Introduction
The mammalian immune system is incredibly effective
at fighting and preventing infection. In an environment literally saturated
with pathogens and potential pathogens, most individuals experience only a
few short-lived incidents of infection. Often, what defines an organism as
pathogenic or non-pathogenic is simply its ability to evade the immune system.
Similarly severe immunocompromise such as HIV infection or that brought about
by chemotherapy demonstrates how effective the immune system is: individuals
lacking a functioning immune system suffer many more and many more serious
infections than a healthy individual.
Divisions in the Immune System
The Immune system is typically broken down in
two ways:
1. Innate and Acquired Immunity; and
2. Humoral and Cell-Mediated
Immunity (CMI)
Both of these divisions are slightly false as
the immune system is really one highly interactive system. However they are
often used and are useful in understanding the different ways in which the body
responds to different infections.
1. Innate and Acquired Immunity
By definition, Innate Immunity is immunity
to infection that is present from birth. It is not antigen-specific and does
not improve with exposure to an infection. It also includes what one might
term non-immunological means of resisting infection; such as the skin
and stomach pH which is a vital part of protecting the body from infection.
Acquired Immunity (or adaptive Immunity) depends on lymphocytes.
Both B- and T-lymphocytes are antigen specific. Each lymphocyte responds to
one antigen only hence the term antigen-specific. For each antigen that the
acquired immune system responds to, there is a lymphocyte with that antigen
specificity.

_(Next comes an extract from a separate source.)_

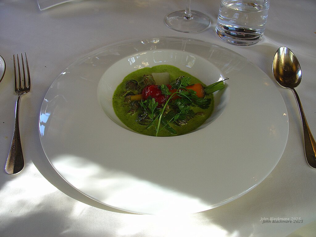 20101026_DSC00849_DSCV1 Starter: une cassolette d'escargots frais de Cleurie aux jeunes légumes. une sauce cressonnière
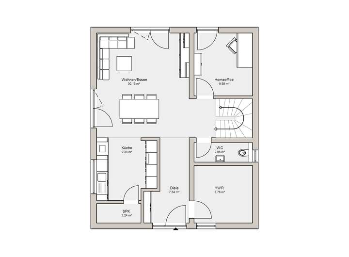 Das Erdgeschoss erstreckt sich über 70 m². Aufgeteilt ist es in einen großen Wohn- und Essbereich mit offener Küche und Speisekammer, ein WC, Diele und ein Home-Office, welches alternativ auch als Gästezimmer genutzt werden kann. Der Hauswirtschaftsraum befindet sich ebenfalls im Erdgeschoss und lässt sich über die Diele betreten.

The ability of these single specific cells to multiply is a key
feature of how the immune system works.
This division is slightly artificial,
however, as both the innate and the acquired systems use many of the same cells
and plasma factors and the acquired system is built on the innate one.

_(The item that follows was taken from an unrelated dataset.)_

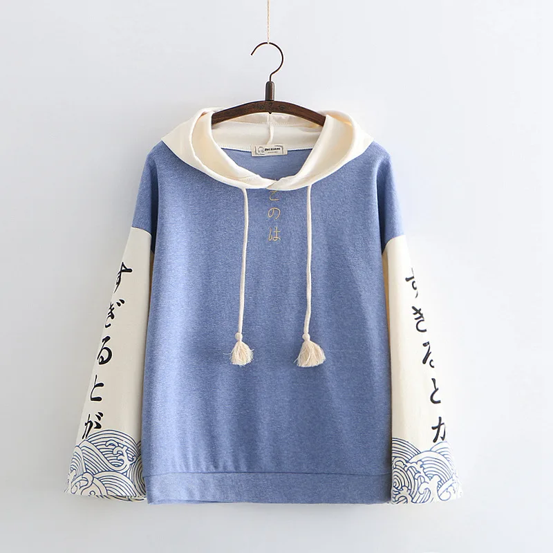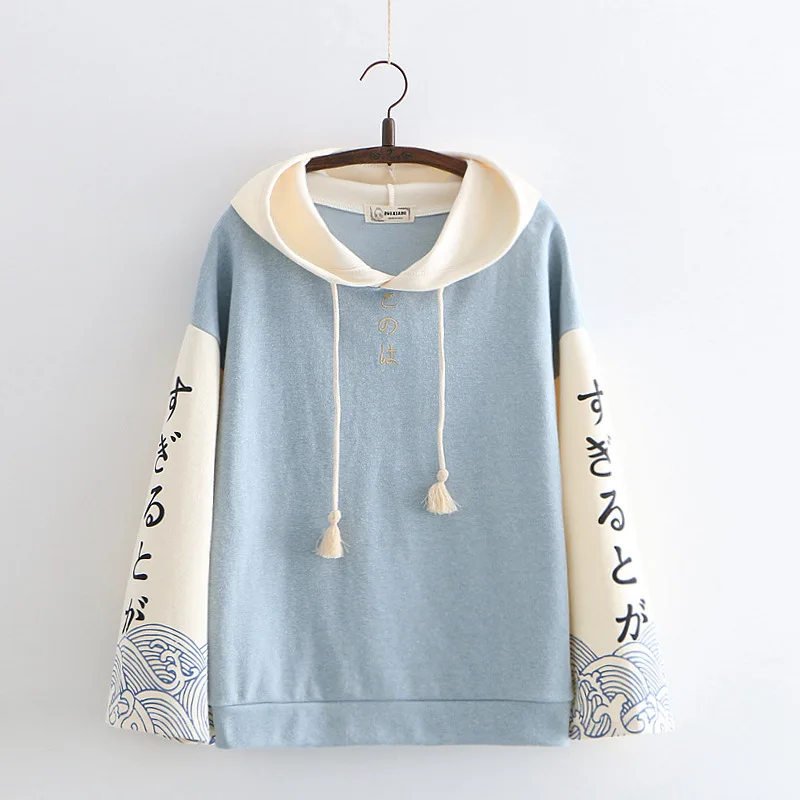 Женский пуловер YUPINCIAGA, корейский стиль, Свободный пуловер с длинными рукавами-реглан и принтом, милые толстовки с капюшоном

2. Humoral and Cell Mediated Immunity
These terms apply mostly to the acquired immune
system. Humoral means chemical immunity: by use of soluble factors found in
blood plasma. Cell-mediated means that the immunity is derived from the properties
of cells. This terminology is misleading as both the humoral and the cell-mediated
immune systems both use cells and both use soluble factors to fight invading
organisms. The definition depends on the mechanism by which the pathogen is
killed. The humoral system uses antibodies to attack pathogens, whereas the
primary mechanism of attacking pathogens in the cell-mediated arm is via cytotoxic
T cells. The humoral immune system is primarily responsible for killing bacterial
pathogens, whilst the cell-mediated system provides immunity to viruses.
Clonal Selection Theory
Clonal Selection Theory
is the basis of adaptive (acquired) immunity. It was first proposed by Macfarlane
Burnet in 19571- and he subsequently won the 
Nobel prize for his
work.
Figure 1 is a simplistic
illustration of how clonal selection works. Each of the naïve lymphocytes
at the top of the diagram has a different coloured receptor, indicating the
fact that each receptor binds to a different antigen.

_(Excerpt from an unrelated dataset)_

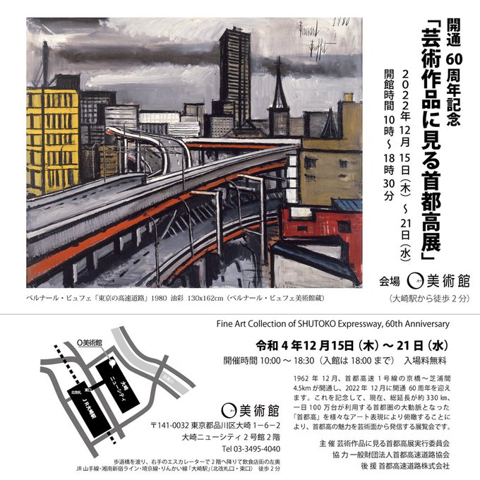 開通60周年記念「芸術作品に見る首都高展」 2022年12月15日(木)~12月21日(水) 営業時間:10:00~18:30 入場無料 O美術館 住所:〒141-0032 東京都品川区大崎1-6-2 大崎ニューシティ2号館2階 電話:03-3495-4040 JR 「大崎駅」(北改札口・東口)徒歩2分 shinagawa-culture.or.jp/o-art/access.h…

The binding of antigen to that receptor causes
division of that cell and differentiation into effector cells and memory
cells. These cells all have the same antigen receptor and hence the same
antigen specificity.
The effector cells are relatively short lived
whilst the memory cells persist for many years. In the advent of subsequent
activation by the same antigen the cells again divide and produce effector
cells.
In figure 1, the lymphocytes are
B-lymphocytes as they produce antibody but the same principal applies to
T-lymphocytes. The binding of antigen triggers replication of lymphocytes.
Cytokines
The cells of the immune system work in a
coordinated fashion. This is possible because they communicate via small
proteins known as cytokines. (Greek: cyto-cell, kine-communicate). One
cell will release these proteins and they then bind to specific receptors on
the target cell. Some of the cytokines
are known as interleukins (inter-between, leukin – white cell). The interleukins
were numbered: IL-1, IL-2, IL-6 etc. Confusingly some of these also have
alternative names, such as IL-15 which is also know as T-cell growth factor.
This second name is quite useful, as it indicates the function of IL-15, namely
to promote the growth of T-lymphocytes.
CD Molecules
There are over 200 CD molecules. They are known
by a number, for example CD-4, CD-8, CD-52 etc. The names are entirely uninformative
in terms of their function and are historic, reflecting that each of these
molecules was identified by mono-clonal antibody technology. There were named
in the order they were discovered. All of them are proteins or glycoproteins
that are found on the surface of cells.